Tony had a coyote problem. 

Vermin visited his country home (built away from rotten society) on consecutive nights. 

His wife questioned his motivations. Coyotes feared humans and disappeared by morning. 

But here, Tony ruled, even if he played the joker at work. At life. 

Tony placed foothold traps and filled his wife’s red china bowls with poisoned water. On the return to his castle, a “well-hidden” trap clamped on his foot. Pain drove him unconscious.

Tony awoke, his devoted wife feeding him cold water.

He smiled until he saw her holding the scarlet bowl.

Stomach pains signaled his kingdom’s end.

Ryan Benson

 Ryan Benson resides outside of Atlanta, GA, USA, with his wife and children. Ryan keeps himself busy writing short fiction stories and his first novel. Trembling With Fear (Horror Tree), The Sirens Call Publications, TERSE Journal, and the anthologies The Collapsar Directive (Zombie Pirate Publishing) and A Discovery of Writers have published his work. 

Archer Avenue

“Don’t step on a crack or you’ll fall and break your back!”

The neighborhood kids chant as they leapfrog each crevice of Archer Avenue’s sidewalk, blissfully ignorant of the twelve children that had already gone missing. 

But they play on, walking and singing, jumping gaps overgrown with weeds. 

Until little Davey Brown thinks it’s funny to push Hannah Cole a moment before her leap. 

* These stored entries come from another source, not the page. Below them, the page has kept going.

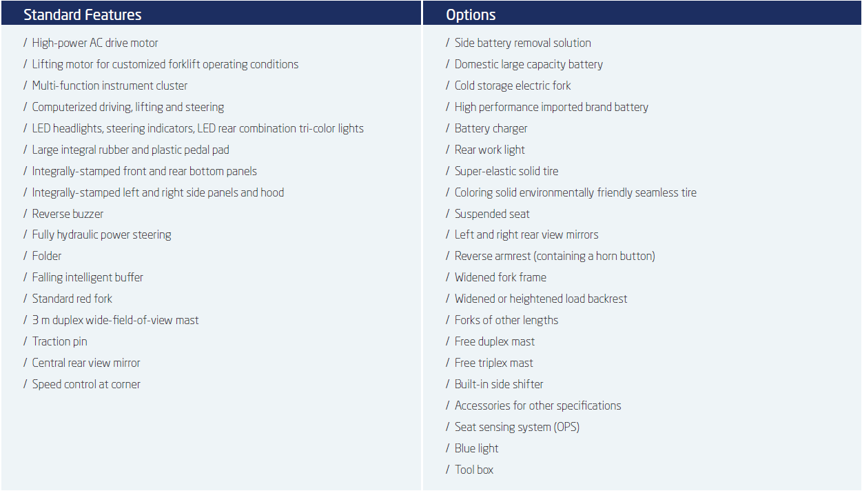 Hangcha A series 2.0-3.5t adalah salah satu model forklift bertenaga listrik dengan baterai lithium-ion yang dirancang untuk operasi penanganan material kelas menengah di gudang, pabrik, dan pusat distribusi. Seri ini menggabungkan performa kuat, efisiensi energi tinggi, serta desain yang memperhatikan kenyamanan dan keselamatan operator.
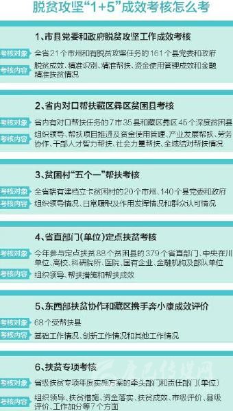如何考?省扶貧開發(fā)局相關(guān)負(fù)責(zé)人介紹,具體而言,就是將黨委和政府脫貧攻堅(jiān)工作成效考核、省直部門(單位)定點(diǎn)扶貧考核、扶貧專項(xiàng)考核、省內(nèi)對(duì)口幫扶藏區(qū)彝區(qū)貧困縣考核、貧困村“五個(gè)一”幫扶考核、東西部扶貧協(xié)作和藏區(qū)攜手奔小康成效評(píng)價(jià)統(tǒng)一整合為脫貧攻堅(jiān)成效考核,一支隊(duì)伍完成所有考核。
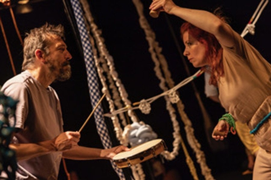 Ils sont nombreux, ces fils qui nous attachent à la vie, nous relient entre nous, que l'on doit rompre ou affronter pour grandir. Cordon ombilical, lacets que l'on apprend à nouer, échelles de corde des squares, rubans et autres ficelles... C'est la grammaire du lien que décline ce spectacle à travers diverses installations cinétiques et sonores. Sur le plateau, les tout-petits se laissent entraîner au sein d'un entrelacs poétique par les artistes de tous horizons (musiciens, plasticiens, danseurs). Avec eux, la joie ne tient vraiment qu’à un fil.
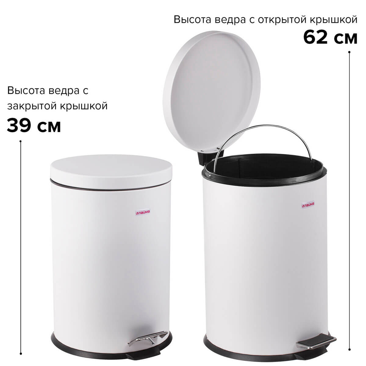 Ведро-контейнер для мусора (урна) с педалью LAIMA Classic, 12 л, белое, глянцевое, металл, со съемным внутренним ведром
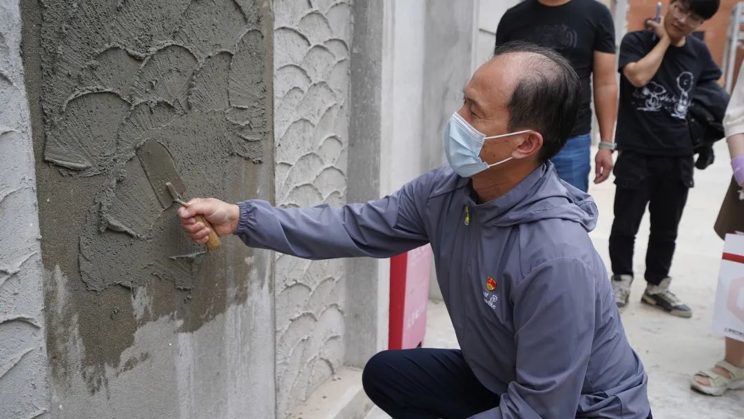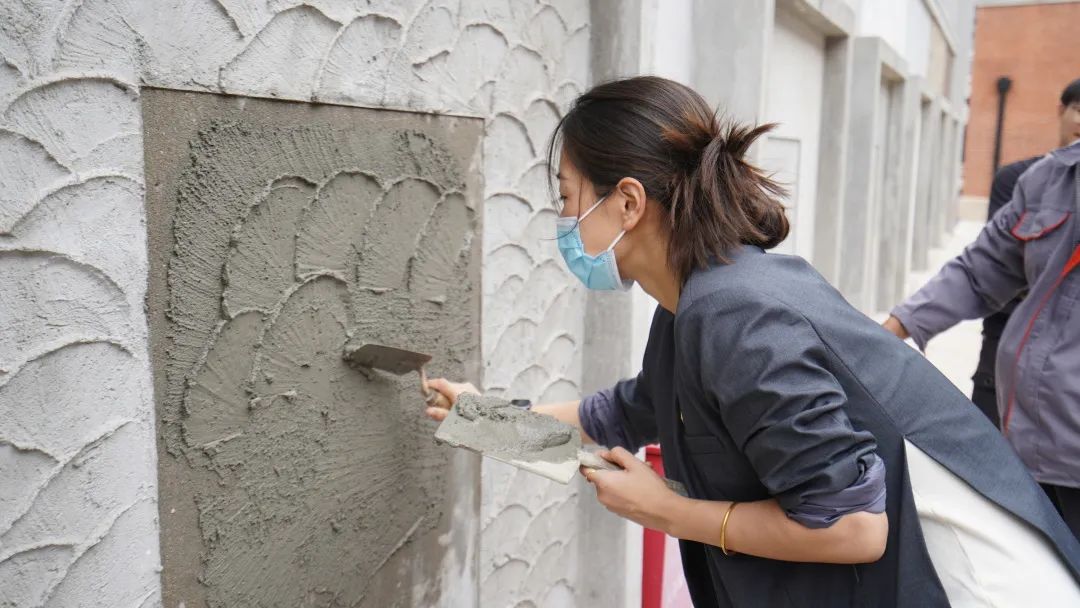 歷史建筑的修繕離不開工匠們的辛勤耕耘,他們以嫻熟技藝重現(xiàn)建筑細節(jié),以精工匠心重綻建筑神采?;顒蝇F(xiàn)場,來自維方公司的工匠師傅為大家展示了魚鱗拉毛工藝。調制漿料,手腕一轉,著力一刷,魚鱗輪廓就這樣完成了,極具弧形美感。在場的參觀者們嘖嘖稱奇,在老師傅的教導下,大家也化身為工匠學徒,體驗了一回修繕技藝的實操過程,新鮮、有趣又有意義。
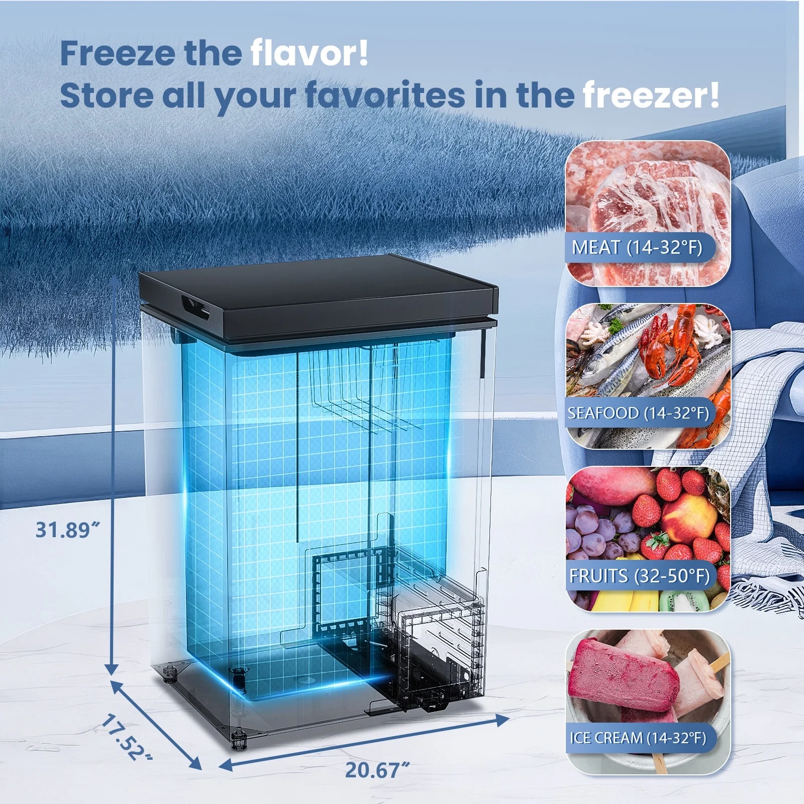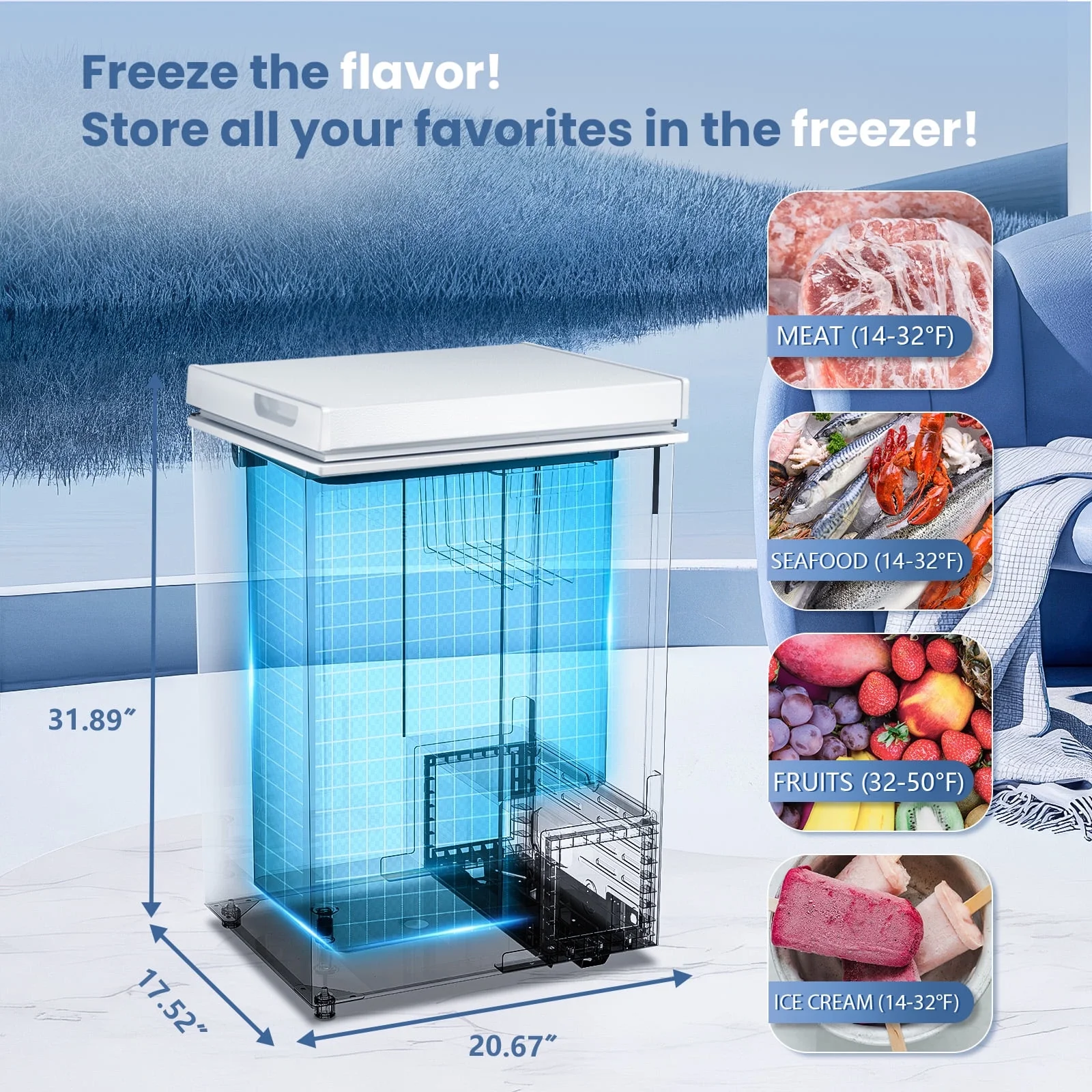 - ��??Compact Chest Freezer Dimensions�� KNDKO 2.8Cu.Ft chest freezer provides plenty of space for storing a variety of frozen items such as pizza, seafood, meat and more so you can buy in bulk, reduce food waste and save money, and comes with a removable basket to keep small items in the basket for easy access. The freezer measures 20.67"(W)*17.52"(D)*31.89"(H) and is perfect for home, dorm, kitchen and office use.
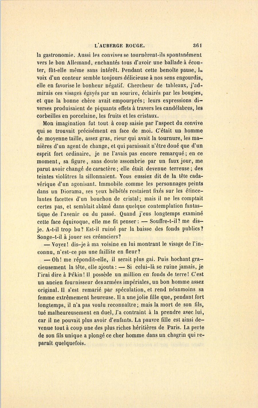 Mon imagination fut tout à coup saisie par l’aspect du convive qui se trouvait précisément en face de moi. C’était un homme de moyenne taille, assez gras, rieur qui avait la tournure, les manières d’un agent de change, et qui paraissait n’être doué que d’un esprit fort ordinaire, je ne l’avais pas encore remarqué ; en ce moment, sa figure, sans doute assombrie par un faux jour, me parut avoir changé de caractère ; elle était devenue terreuse ; des teintes violâtres la sillonnaient. Vous eussiez dit de la tête cadavérique d’un agonisant. Immobile comme les personnages peints dans un Diorama, ses yeux hébétés restaient fixés sur les étincelantes facettes d’un bouchon de cristal ; mais il ne les comptait certes pas, et semblait abîmé dans quelque contemplation fantastique de l’avenir ou du passé. Quand j’eus longtemps examiné cette face équivoque, elle me fit penser : – Souffre-t-il ? me dis-je. A-t-il trop bu ? Est-il ruiné par la baisse des fonds publics ? Songe-t-il à jouer ses créanciers ?
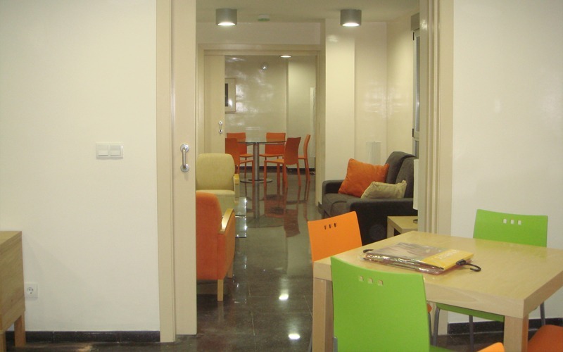 Por otra parte, se crea un nuevo eje de circulaciones interiores paralelo al ya existente, de uso exclusivo para los residentes de la casa-hogar, con acceso a las habitaciones y los cuartos de baño.
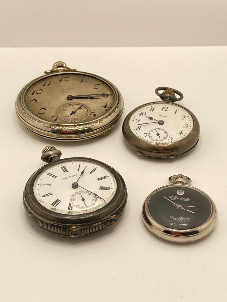 LOT 169: Collection of Pocket Watches - Dufonte, Elgin, Sterling Lancet Switzerland and Waltham
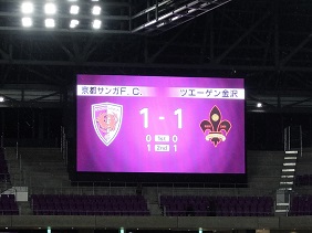 京都サンガは序盤から攻め込み,決定機を作るも得点を奪えず,後半に先制点を決められ苦しい展開に。それでも最後まで粘り強く戦い,後半アディショナルタイムに仙頭選手が同点ゴールを決め,1対1の引き分けとなりました。
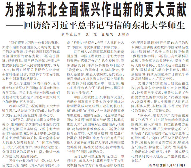 中共中央总书记、国家主席、中央军委主席习近平9月15日给东北大学全体师生回信,在东北大学建校100周年之际,向全校师生员工、广大校友致以热烈的祝贺和诚挚的问候。
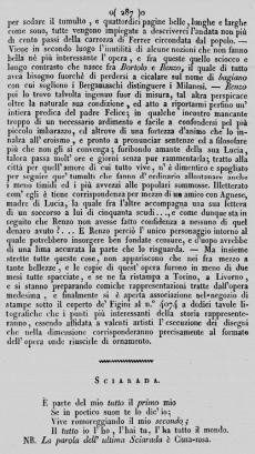 Voi dunque, prosieguon altri, ce lo date per un capo d'opera, per un non plus ultra: ed io che pur vorrei mi si prestasse la debil penna a que' maggiori elogi che amo tributare ad Alessandro Manzoni, dirò che questo libro è bello, interessante e migliore di tanti altri che menarono in questi ultimi tempi gran rumore, ma non perciò lo veggo privo di qualche pecca, nè tale da dirsi insuperabile. – È prima fra le cose ch'io prenderei a censurare una prolissità che sfinisce e stucca in più d'un luogo, e basti per accennarne uno il dire che la sommossa accaduta in Milano per la carezza del pane, e il saccheggio che voleasi dare ad una bottega di fornajo fa muovere il gran cancelliere Ferrer, per sedare il tumulto, e quattordici pagine belle, lunghe e larghe come sono, tutte vengono impiegate a descriverci l'andata non più di cento passi della carrozza di Ferrer circondata dal popolo. – Viene in secondo luogo l'inutilità di alcune nozioni che non fanno bella nè più interessante l'opera, e fra queste quello sciocco e lungo contrasto che nasce fra Bortolo e Renzo, il quale di tutto avea bisogno fuorchè di perdersi a cicalare sul nome di bagiano con cui sogliono i Bergamaschi distinguere i Milanesi. – Renzo poi lo trovo talvolta ingenuo fuor di misura, tal altra perspicace oltre la naturale sua condizione, ed atto a riportarmi perfino un'intiera predica del padre Felice; in qualche incontro mancante troppo di un necessario ardimento e facile a confondersi pel più piccolo imbarazzo, ed altrove di una fortezza d'animo che lo innalza all'eroismo, e pronto a pronunciar sentenze ed a filosofare più che non gli si convenga; furibondo amante della sua Lucia, talora passa molt'ore e giorni senza pur rammentarla; tratto alla città per quell'amore di cui tutto vive, n'è dimentico e spogliato per seguire que' tumulti che fanno d'ordinario allontanare anche i meno timidi ed i più avvezzi alle popolari sommosse. Illetterato com'egli è tiene corrispondenza per mezzo di un amico con Agnese, madre di Lucia, la quale fra l'altre accompagna una sua lettera di un soccorso a lui di cinquanta scudi..., e come dunque sta in seguito che Renzo non avesse fatto confidenza a nessuno di quel denaro avuto?... È Renzo perciò l'unico personaggio intorno al quale potrebbero insorgere ben fondate censure, e d'uopo avrebbe di una lima accurata la parte che lo risguarda. – Ma insieme strette tutte queste cose, non appariscono che nei fra mezzo a tante bellezze, e le copie di quest'opera furono in meno di due mesi tutte spacciate, e se ne fa ristampa a Torino, a Livorno, e si stanno preparando comiche rappresentazioni tratte dall'opera medesima, e finalmente si è aperta associazione nel negozio di stampe sotto il coperto de' Figini al n.° 4074 a dodici tavole litografiche che i punti più interessanti della storia rappresenteranno, essendo affidata a valenti artisti l'esecuzione dei disegni che nella dimensione corrisponderanno precisamente al formato dell'opera onde riuscirle di ornamento.
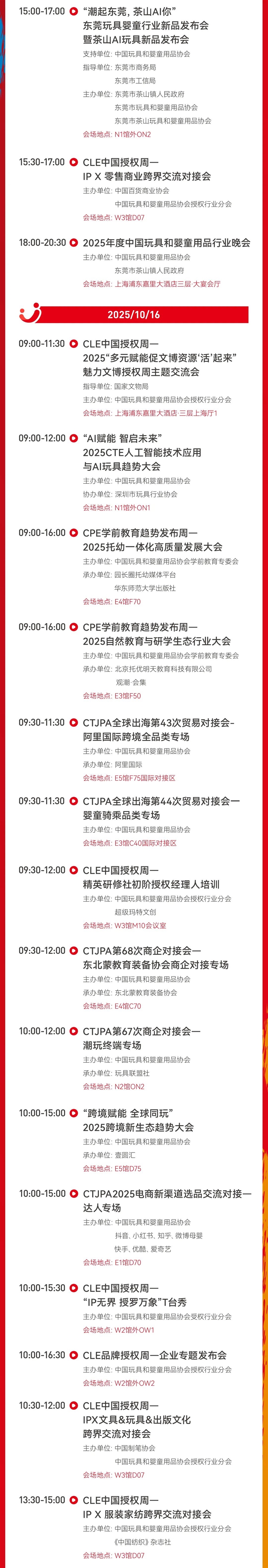 作为国家级行业协会主办,国内外展商和买家首选,全球领先的玩具潮玩、婴童用品、授权、幼教专业化和国际化商贸平台,中国玩协四展吸引了全球41个国家和地区以及30大玩具、婴童用品主产区2629家展商携5426个品牌、2600+全球正版IP参展,展览面积覆盖上海新国际博览中心全部展馆达23万平方米,齐聚国内外10万+专业观众。
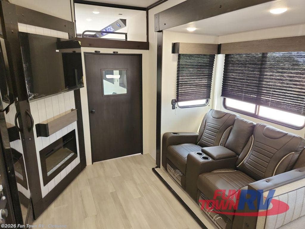 Fun at the campground begins with this dual entry toy hauler in tow! There is a 15' separate garage with glass patio doors, a loft above for guests, plus a patio deck to entertain guests. Your crew can get comfy on the theater seating or booth dinette, and there is an entertainment center with a fireplace and a hidden pantry for snacks. The chef of your group will love the full interior kitchen, along with an outdoor kitchen when the weather is nice. A full bath lets you freshen up after a trail ride, and the front private bedroom gives you your own space at night. This unit also features washer and dryer prep in the bedroom so you can add those appliances if you wish!
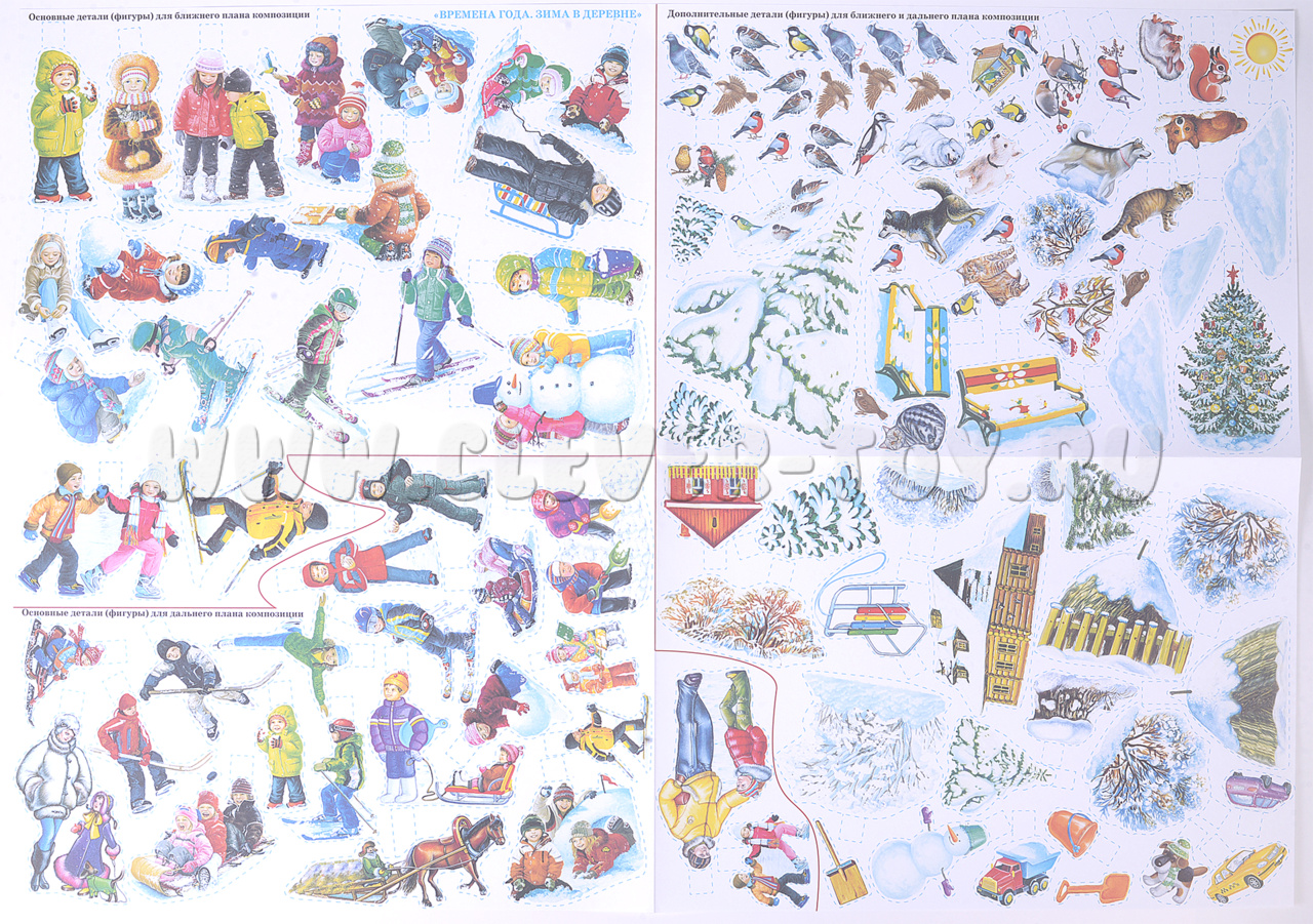 - плакат (А1) с изображением основных и дополнительных фигурок (100-150 штук) для вырезания и наклеивания на сюжетную картину;
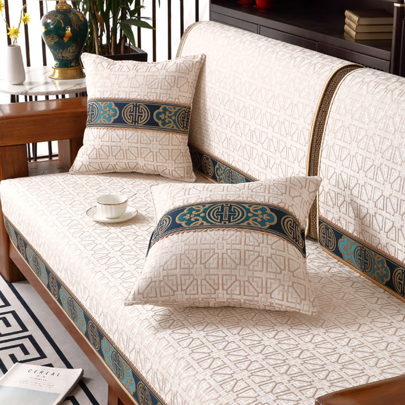 券 3元销量700新中式实木沙发垫四季通用布艺防滑全棉坐垫子简约沙发套罩巾靠背
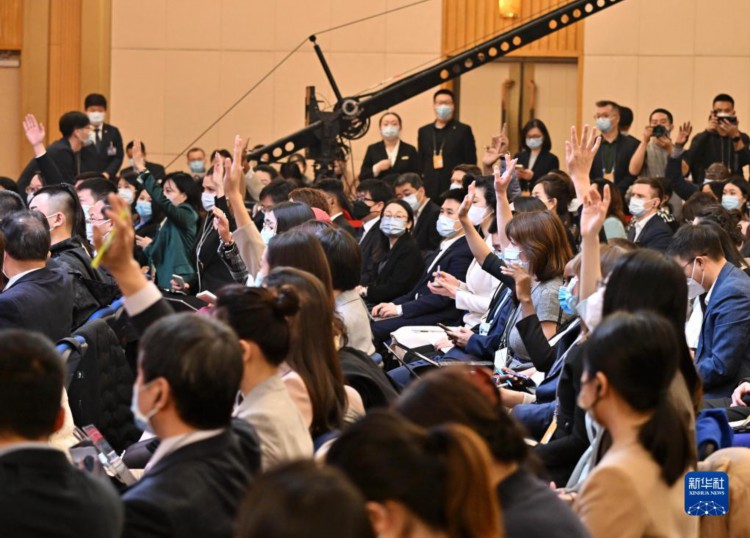 3月7日,十四届全国人大一次会议在北京梅地亚中心多功能厅举行记者会,外交部长秦刚就“中国外交政策和对外关系”相关问题回答中外记者提问。这是记者在现场举手提问。

The kids watch, horror-stricken, as the pavement rips open, revealing a grotesque tongue and deadly, pointed teeth. The mouth viciously swallows her up, then quickly reseals, muffling her screams as she’s lost to its cavernous depths.

 

Darlene Holt

Darlene Holt is an educator, writer, and language enthusiast. Her fiction appears in The Penmen Review and Sirens Call Publications, and her poetry appears in The Scarlet Leaf Review and The Drabble. She has an MA in English and Creative Writing and currently resides in San Diego, California, where she enjoys reading horror stories and spending time with her fiancé and cats.

Special

I told my psychiatrist that last week I discovered creatures inside my head that keep shuffling about, fighting, screaming, and telling me to do horrendous things.   He wouldn’t let me prove my point by using my pocketknife to peel back my scalp.  He just grabbed my wrists and kept saying the creatures are imaginary.  He was just jealous that they chose me and no one else to enlighten.  After all, I couldn’t find any in his head or any of the others in the random sampling I took while walking back home that day.  I feel kind of special now.

Phil Slattery

Phil Slattery is a native of Kentucky, but has traveled extensively and now resides in southeast Arkansas  Currently, he writes mostly dark fiction, but he has also written poetry and non-fiction and he dabbles in other literary forms and genres as well.  His fiction, poetry, and few non-fiction articles have been published in numerous magazines in print and online. He is currently finishing a sci-fi/horror novel entitled Shadows and Stars.  Collections of his works can be found on Amazon.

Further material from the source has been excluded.